Union Square, New York in Winter

Details
Ernest Lawson (1873-1939)
Union Square, New York in Winter
signed 'E. Lawson' (lower left)
oil on canvas
24.3/8 x 20 in. (61.9 x 50.8 cm.)
Provenance
The Milch Galleries, Inc., New York.
Sundel and Margaret Doniger, New York, circa 1950.
By descent in the family to the present owner, circa 1970.

Lot Essay

Ernest Lawson painted Union Square in Winter just after the turn of the century, when he and other members of the Eight created their most dramatic images of urban America.
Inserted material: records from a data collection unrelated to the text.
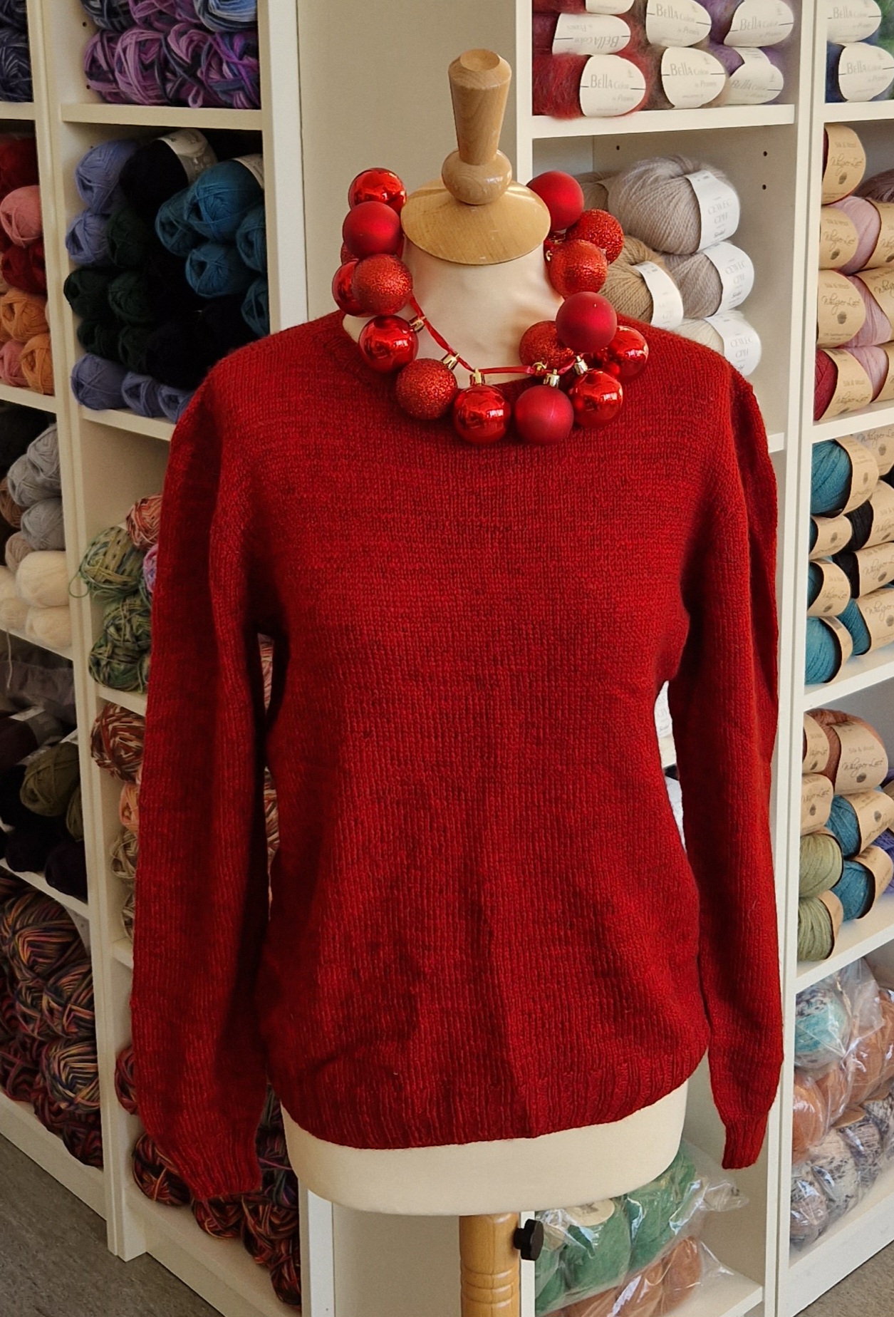 Håndstrikket av garn som inneholder 19 % jak, 37 % bambus, 36 % merinoull & 8 % polyamid.
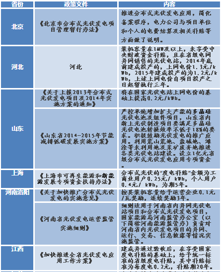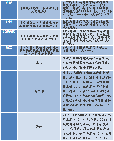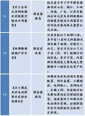 自2013年7月国务院出台支持光伏产业发展的政策以来,国家能源局、各级地方政府相继积极制定配套政策措施,现将2013-2014年国家能源局、地方发改委相继发布的促进光伏产业的有序发展要点政策梳理如下,供业内关注政策的同仁参考。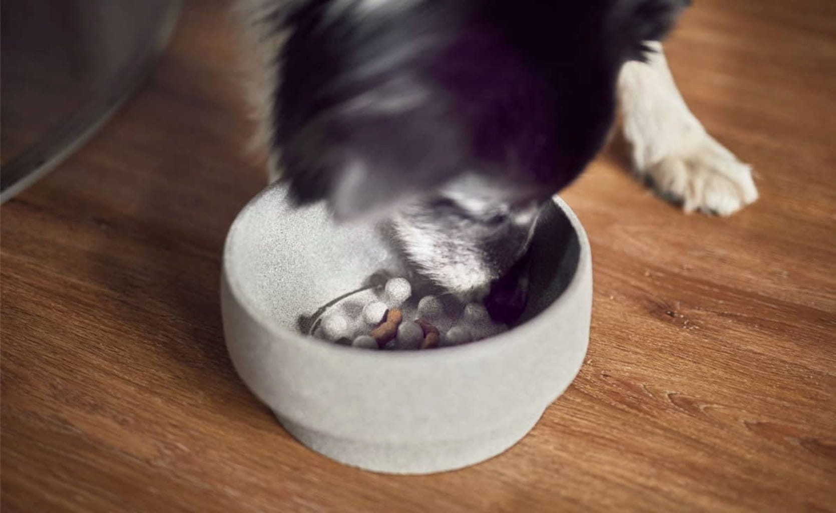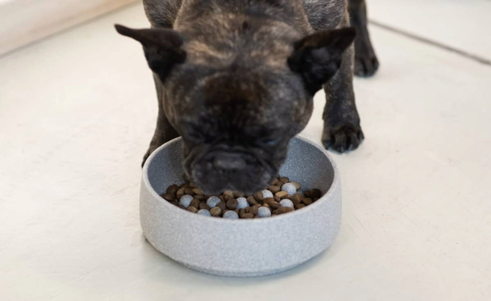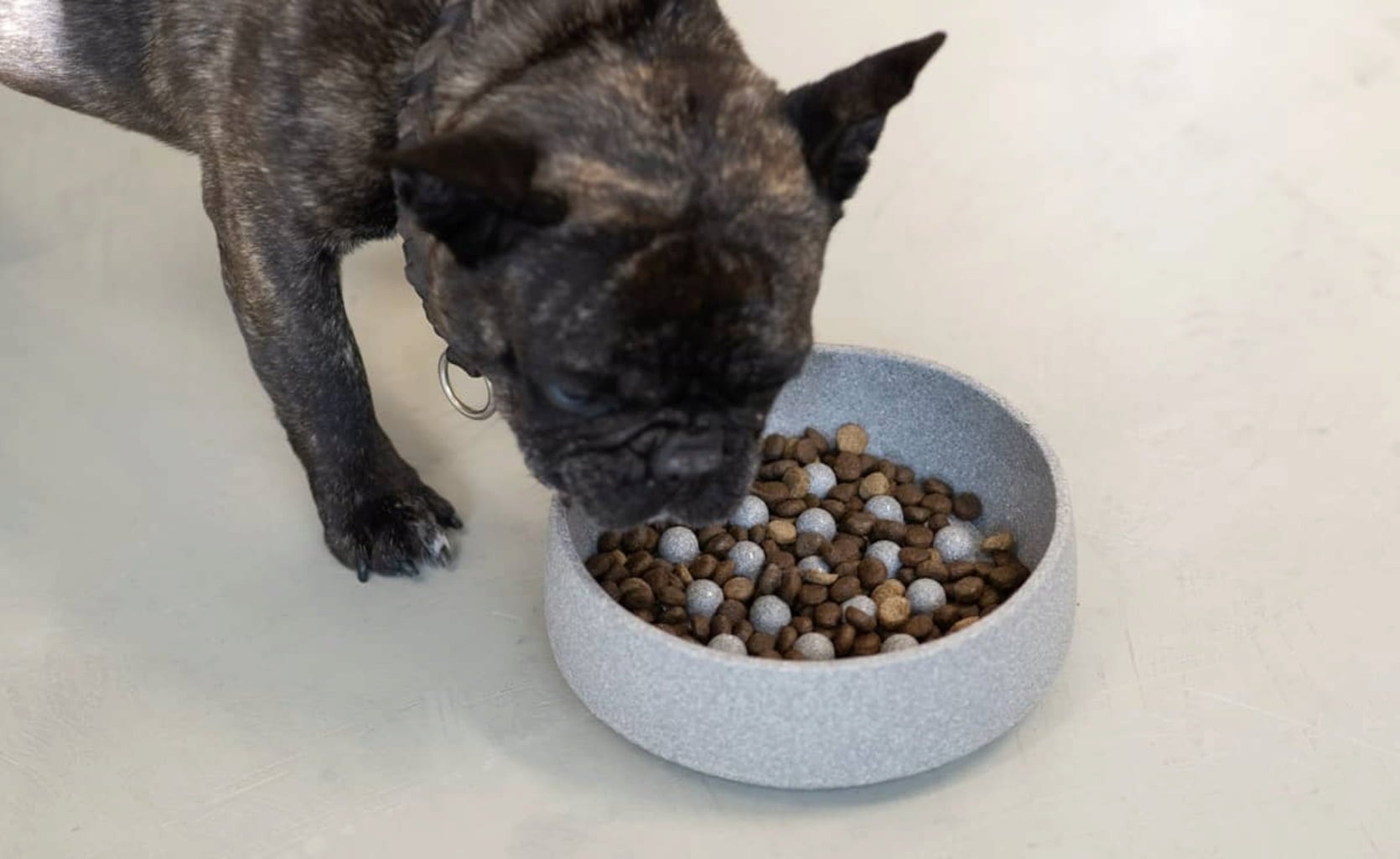 Popoln dodatek za posodo za pse Granicium®. Vložek, narejen iz keramične ploščice z izboklinami, je v skledo nameščen brez pritrditve, kar upočasni hranjenje in prepreči goltanje. Na keramični ploščici si lahko pes tudi očisti jezik.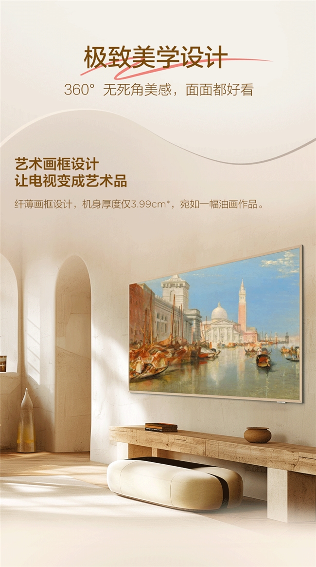 要想家里有格调,装修可不能只盯着硬装和软装,后期家电的风格搭配同样关键,尤其是占据客厅“C位门面”的电视!刷某薯时总能刷到各种吐槽:座装电视又丑又占地方;挂装也难逃土气感;选择最流行的内嵌,虽然减少了占用面积,可市面上大多电视机身厚重,内嵌后又显得格外不协调,更麻烦的是,后续想换台新电视都受限于内嵌尺寸,很容易打破原本电视墙的美感。直到艺术电视的出现,才终于精准破解了这些困局,它不仅能适配不同装修场景,更能让客厅格调直接翻倍。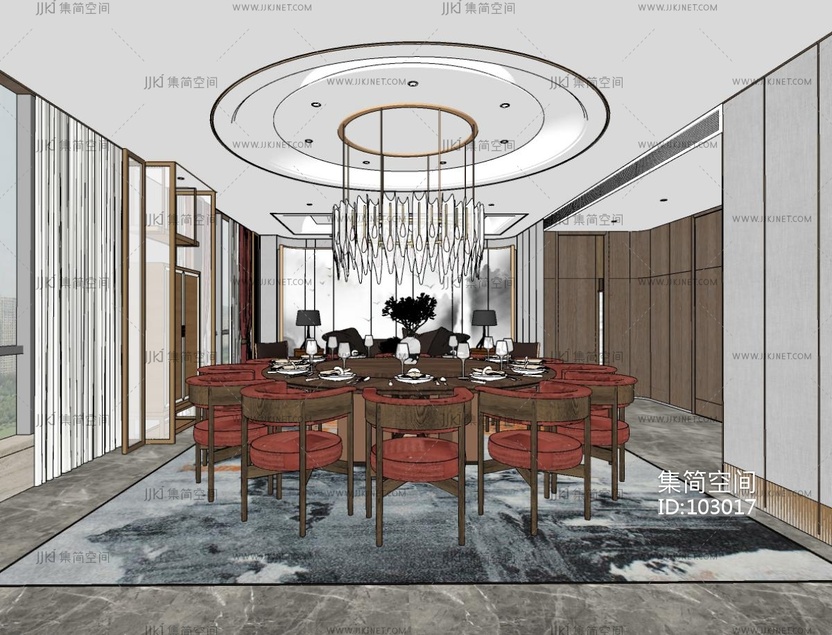 新中式餐厅包间 su草图模型下载 [模型ID:103017]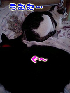 連休、ニャンタ君は我が家にお泊まり。3匹が先にベッドで寝ていたので、ニャンタを入れてみた。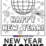This new year coloring pages 2025 design features a disco ball, banners, confetti, streamers, and “Happy New Year!” text. The New Year’s coloring pages 2025 option gives students a fun break from regular school work while still keeping them busy and focused on the new year.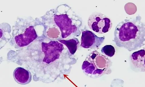 吞噬细胞具有吞噬衰老细胞和异物的功能,细胞体积大,胞质丰富,核圆形、卵圆形或肾形,略偏位,染色质均匀细致,偶见核仁,图为吞噬细胞。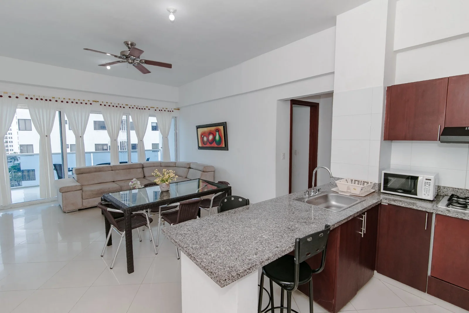 Apartamento ubicado en sector turístico con vista de 3 alcobas, 3 baños, cocina tipo americano, sala , comedor , balcón y garaje, El edifico cuenta con zona social y piscina.

Like his fellow Ashcan painters and many American Impressionists who preceded him, Lawson was fascinated by the modern American city and the lives of the people who inhabited it. In Union Square in Winter, the artist has chosen to depict the city at that moment when the frantic urban pace slows after a snowfall. Like Childe Hassam, who at this time was also painting images of New York in the snow (such as Winter in Union Square, Metropolitan Museum of Art, New York) Lawson selected a commercial part of the city, a snow-covered square whose open expanse and 19th-century buildings grace the city scape. Just visible through the wintry haze is the rounded cupula of the old German Savings Bank. Near the center of the composition, Lawson depicts Henry Kirke Brown's 1856 equestrian statue of George Washington, a focal point of the square. Numerous pedestrians traverse the streets encircling the monument, including a push-cart vendor, one of the storied fixtures of turn-of-the-century New York.

As an early meditation of street life and the urban landscape, Union Square in Winter recalls other Ashcan canvases of New York, such as Robert Henri's masterwork, Snow in New York, 1902 (National Gallery of Art, Washington, D.C.). Union Square in Winter likewise proclaims its Ash-can heritage with its rich, lustrous impasto and emphasis on city dwellers within the urban milieu. Lawson has developed here a narrow tonal range of whites, blues and greens. Highlights have been added with touches of warmer-toned reds, seen especially in the wares of the vender, and pinks, seen in the brownstone in the distance. This subtle mixture of colors and bold painting technique is the hallmark of Lawson's style.

His immediate inspiration was likely his mentor John H. Twachtman, whose nearly monochromatic depictions of the Connecticut countryside Lawson undoubtedly saw while a student of Twachtman and J. Alden Weir in Cos Cob, Connecticut, in the 1890s. Lawson's innovation with Union Square in Winter is to transform the tonal elements of Twachtman's art into an urban setting, softened with snow fall. In this way Lawson would create an entirely new vision of a great metropolis by joining the lyrical qualities of American Impressionism with the avant-garde painting of the Eight.